[Problem] Reproduce only the lines of the material below that start at the line containing "Gardener in rubber" and stop at the line containing "HVDC/FACTS Supply Bottleneck: Industry-wide". Keep both end lines.

[Data supplied]
========================================

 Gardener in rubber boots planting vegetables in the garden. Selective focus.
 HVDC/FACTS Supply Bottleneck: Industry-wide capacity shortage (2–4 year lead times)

========================================

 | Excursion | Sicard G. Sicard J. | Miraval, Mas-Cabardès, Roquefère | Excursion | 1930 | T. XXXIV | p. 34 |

========================================

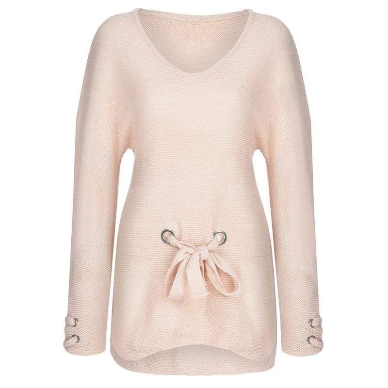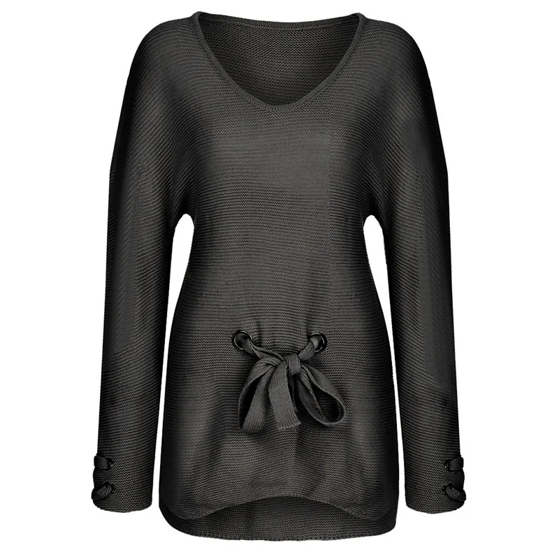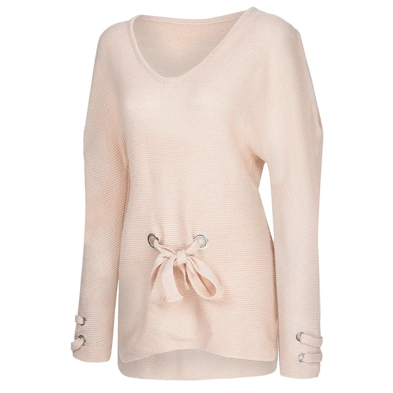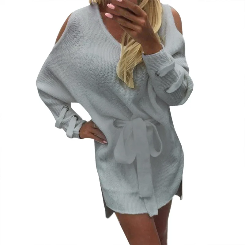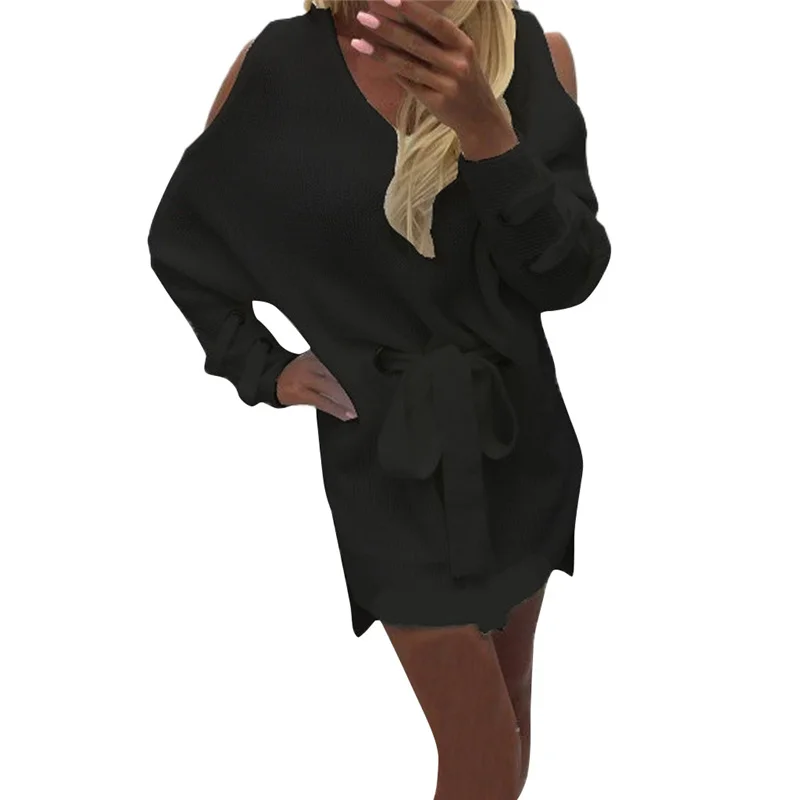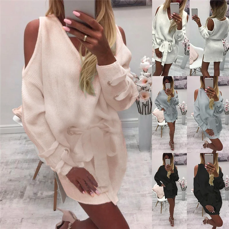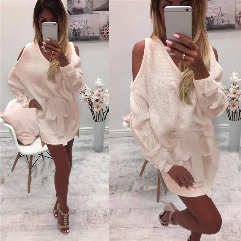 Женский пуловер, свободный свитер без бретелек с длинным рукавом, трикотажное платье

========================================

[Solution to this task]
 Gardener in rubber boots planting vegetables in the garden. Selective focus.
 HVDC/FACTS Supply Bottleneck: Industry-wide capacity shortage (2–4 year lead times)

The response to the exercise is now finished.